Leave out the images and repeat the listing below without a single change.

RECORDED DATA →
━━━━━━━━━━━━━━━━

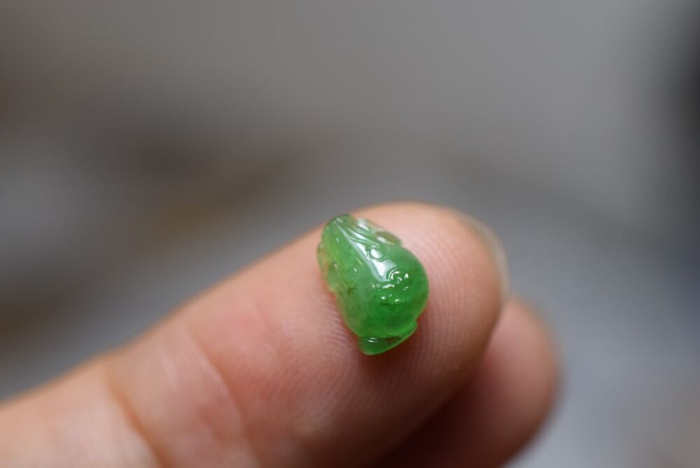 RS7-87 ミニ 三脚金蟾 宝石質 氷種 果陽緑 ミャンマー産天然 A貨 本翡翠 ルース 裸石 硬玉 ジェダイト
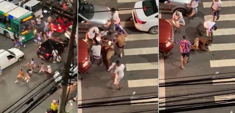 Mesmo após o homem cair no chão, o grupo continua com as agressões. O episódio aconteceu na avenida Joana Angélica, na região próxima à estação de metrô do Campo da Pólvora. Nas redes sociais, internautas relataram que o homem estaria com uma camisa do Bahia, mas seria torcedor do Vitória infiltrado.
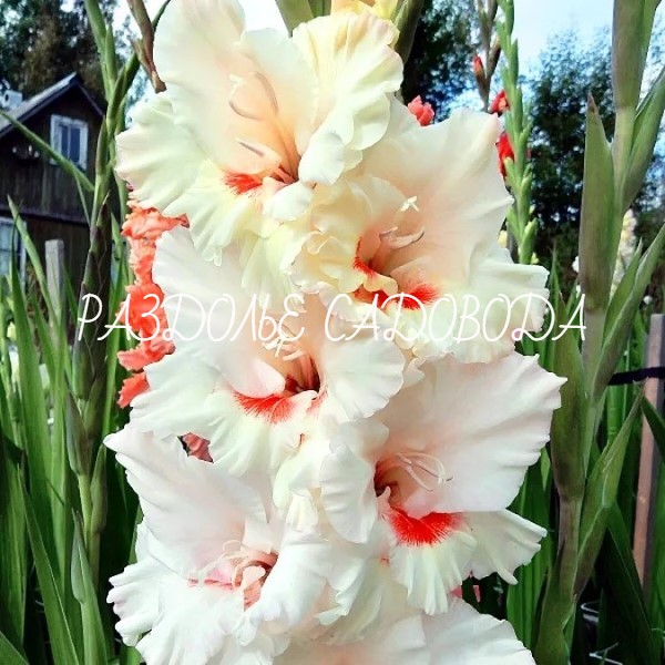Оригинальная окраска, которой отличается гладиолус Аякс, позволит создать интересный акцент в Вашем саду. Посадив луковицы гладиолуса Ajax, ждите в июле красавцев высотой около 1-го метра с рыхлыми двурядными соцветиями, где в одновременном роспуске может быть 8-10 цветков. Цветки достаточно крупные, диаметр 14-16 см. Лепестки молочно-белые, на нижнем есть ярко-алые мазки. В цветнике гладиолус Аякс прекрасно смотрится рядом с белыми и красными сортами.
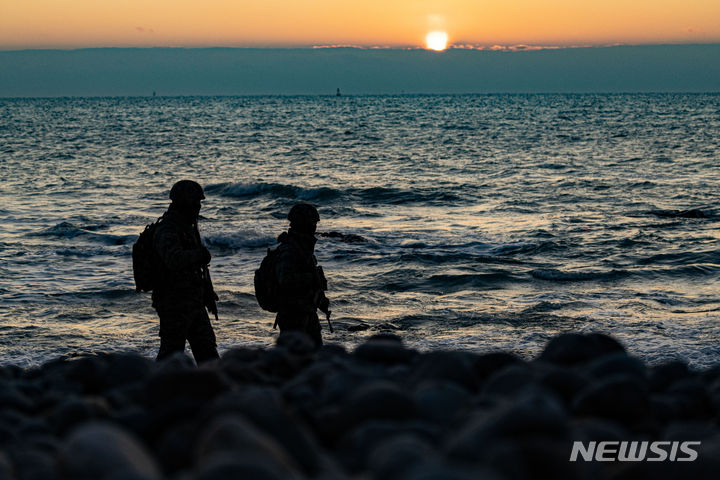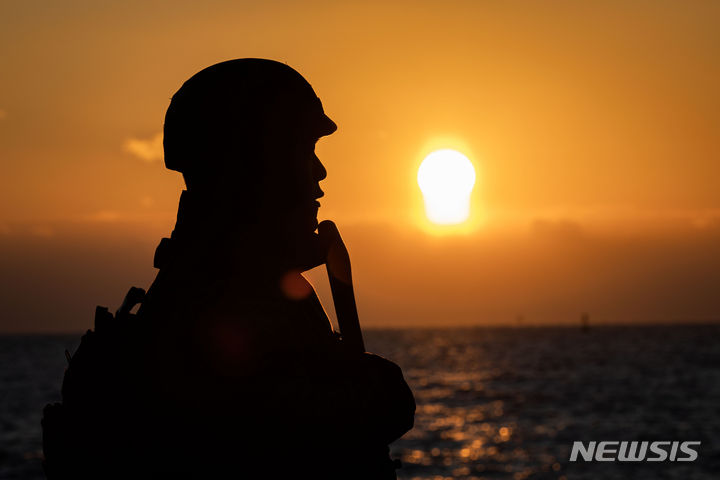 인천 옹진군 대연평도에서 해병대원들이 지는해를 뒤로 하고 수색정찰을 하고 있다.

━━━━━━━━━━━━━━━━

WRITTEN ANSWER →
 RS7-87 ミニ 三脚金蟾 宝石質 氷種 果陽緑 ミャンマー産天然 A貨 本翡翠 ルース 裸石 硬玉 ジェダイト
 Mesmo após o homem cair no chão, o grupo continua com as agressões. O episódio aconteceu na avenida Joana Angélica, na região próxima à estação de metrô do Campo da Pólvora. Nas redes sociais, internautas relataram que o homem estaria com uma camisa do Bahia, mas seria torcedor do Vitória infiltrado.
Оригинальная окраска, которой отличается гладиолус Аякс, позволит создать интересный акцент в Вашем саду. Посадив луковицы гладиолуса Ajax, ждите в июле красавцев высотой около 1-го метра с рыхлыми двурядными соцветиями, где в одновременном роспуске может быть 8-10 цветков. Цветки достаточно крупные, диаметр 14-16 см. Лепестки молочно-белые, на нижнем есть ярко-алые мазки. В цветнике гладиолус Аякс прекрасно смотрится рядом с белыми и красными сортами.
 인천 옹진군 대연평도에서 해병대원들이 지는해를 뒤로 하고 수색정찰을 하고 있다.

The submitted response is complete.